Data extracts:
§ §
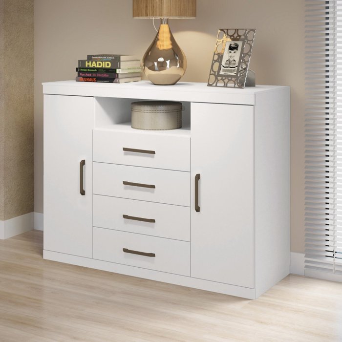 Cômoda 2 Portas 4 Gavetas 1 Nicho Master com Pés Branco
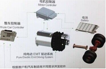 動(dòng)力總成采用電驅(qū)動(dòng)機(jī)械式自動(dòng)變速器,采用四檔自動(dòng)變速傳動(dòng),無離合器,無機(jī)械式同步器,利用電驅(qū)動(dòng)主動(dòng)同步代替?zhèn)鹘y(tǒng)的同步器摩擦被動(dòng)同步,純EMT相比傳統(tǒng)自動(dòng)變速器AMT具有高效率和低成本優(yōu)勢。
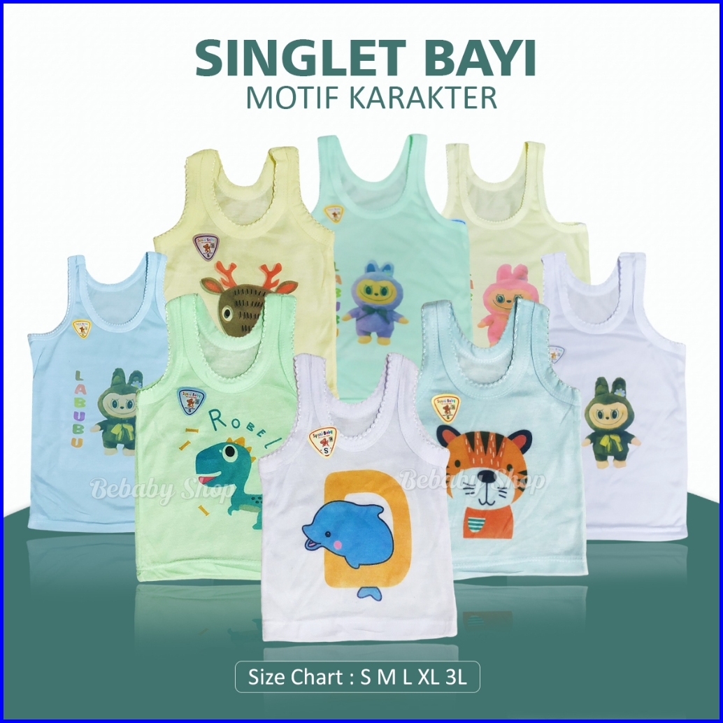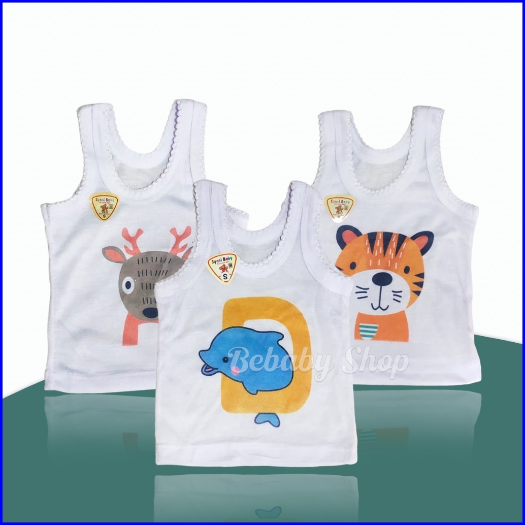 3pc Singlet Anak Bayi Syani Baby Seri Motif Putih Warna Kaos Dalam Bayi Newborn S M L Xl 3l
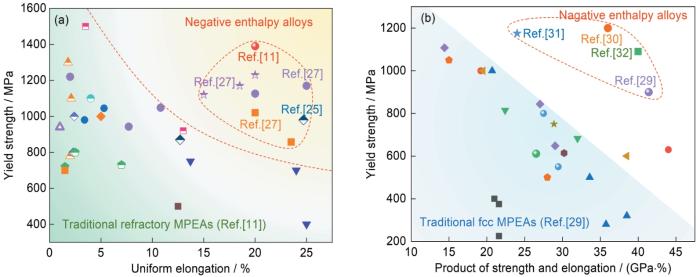 (a) comparisons of yield strength and uniform elongation of bcc-structured refractory MPEAs (Compared with traditional refractory MPEAs[11], negative enthalpy alloys[11,25,27] exhibit excellent mechanical properties)
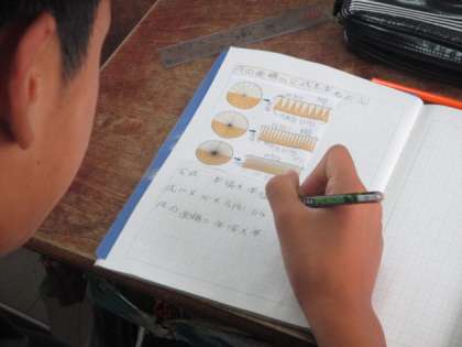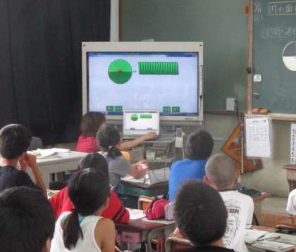 算数の学習で円の面積を考えました。図を使いながら,これまでに学習した面積の求め方を活用して考えました。円を等分して並べることで,長方形に近似できることから,円の面積の公式を導くことができました。アニメーションを見てみると長方形に近づいていく様子がよくわかりました。
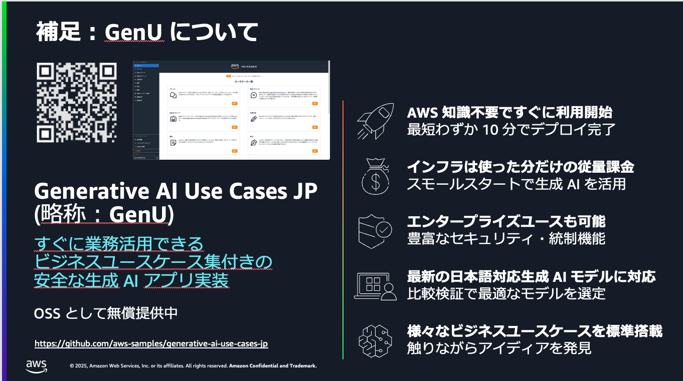 - Generative AI Use Cases JP(略称 GenU*、AWS 独自の生成AIツール)の活用による AI 支援型の補佐
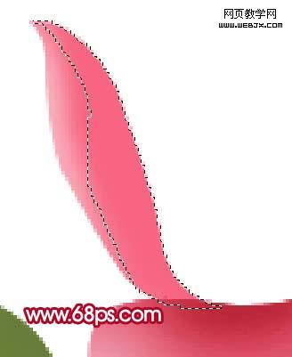 13、適當把圖層放大,用鋼筆工具勾出下圖所示的路徑,轉為選區(qū)后填充顏色#fde6ee,效果如圖16,再用畫筆涂上一些暗調(diào)顏色效果如圖17。
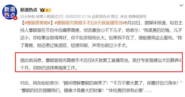 曹穎自曝患胃癌,放心不下年幼的兒子,術後8天直播帶貨引爭議
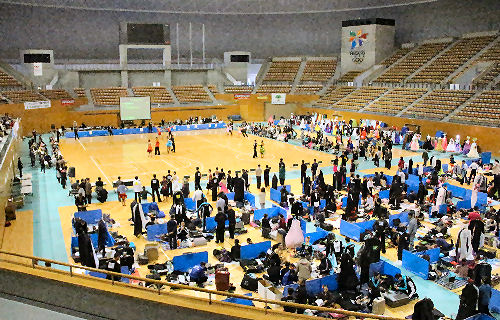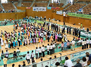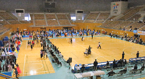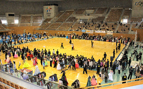 オール・ジャパン・ジュニア (2010/7/18) ホワイトリング外観 開会式 ダンス用品店 ブース 表彰式の様子. 関東甲信越ブロック選手権大会 (2015/11/1) 開会式. 出店ブース. 電光掲示板 |
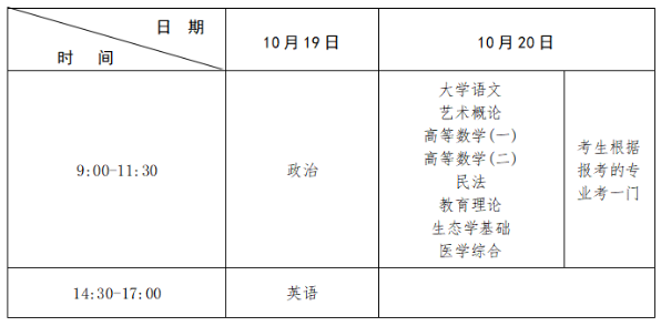 (二)??破瘘c升本科考試統(tǒng)考科目均為三門。其中兩門公共課為政治、英語,一門專業(yè)基礎(chǔ)課根據(jù)招生專業(yè)所隸屬的學科門類確定(具體考試科目見附件3)。
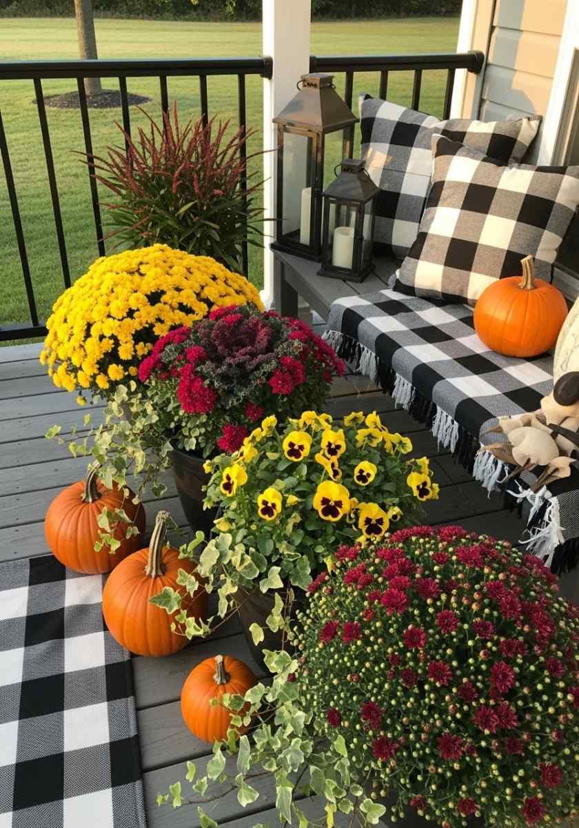 Water on schedule and rotate containers a quarter-turn weekly toward the sun. This is fall patio decor that stays cheerful into the chill.
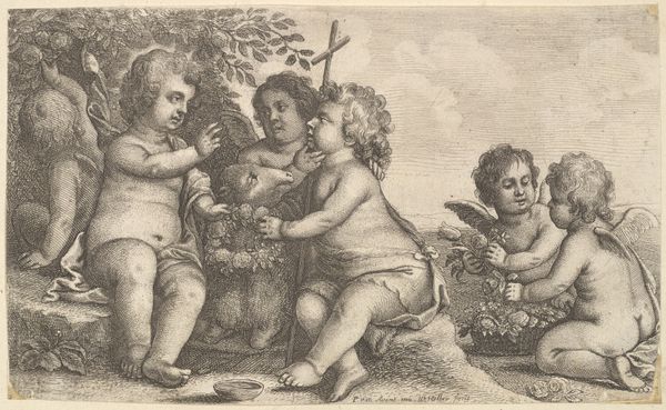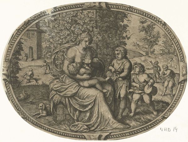 Editor: This is Annibale Carracci’s “The Madonna of the Swallow,” and it’s at the Harvard Art Museums. It's a small engraving. I’m immediately struck by the contrast between the detailed foreground and the more sketch-like background. How do you interpret the symbolism within this contrast? Curator: It feels like a glimpse into a dream, doesn't it? Carracci layers the sacred with the everyday. The detailed foreground, focusing on Mary and the Christ Child, grounds us. But the background—a tiny narrative of the journey into Egypt—hovers like a premonition. Perhaps he's suggesting that even in the most intimate moments, destiny looms. Editor: That's fascinating. I hadn’t considered the background as a premonition. Curator: What did you see? Editor: I thought the background was like a memory! It's like a quiet reminder that even the holiest family can have troubles. I think that is what the artist was trying to portray. Curator: Precisely! Art interprets and creates meaning. And to know there is no one true interpretation is a beautiful thing!
§ §
About this task:
Exactly the lines from the line with "オール・ジャパン・ジュニア (2010/7/18) ホワイトリング外観" through the last line of the listing, both included, should be extracted, and the pictures left behind.

Task solution:
 オール・ジャパン・ジュニア (2010/7/18) ホワイトリング外観 開会式 ダンス用品店 ブース 表彰式の様子. 関東甲信越ブロック選手権大会 (2015/11/1) 開会式. 出店ブース. 電光掲示板 |
 (二)??破瘘c升本科考試統(tǒng)考科目均為三門。其中兩門公共課為政治、英語,一門專業(yè)基礎(chǔ)課根據(jù)招生專業(yè)所隸屬的學科門類確定(具體考試科目見附件3)。
 Water on schedule and rotate containers a quarter-turn weekly toward the sun. This is fall patio decor that stays cheerful into the chill.
 Editor: This is Annibale Carracci’s “The Madonna of the Swallow,” and it’s at the Harvard Art Museums. It's a small engraving. I’m immediately struck by the contrast between the detailed foreground and the more sketch-like background. How do you interpret the symbolism within this contrast? Curator: It feels like a glimpse into a dream, doesn't it? Carracci layers the sacred with the everyday. The detailed foreground, focusing on Mary and the Christ Child, grounds us. But the background—a tiny narrative of the journey into Egypt—hovers like a premonition. Perhaps he's suggesting that even in the most intimate moments, destiny looms. Editor: That's fascinating. I hadn’t considered the background as a premonition. Curator: What did you see? Editor: I thought the background was like a memory! It's like a quiet reminder that even the holiest family can have troubles. I think that is what the artist was trying to portray. Curator: Precisely! Art interprets and creates meaning. And to know there is no one true interpretation is a beautiful thing!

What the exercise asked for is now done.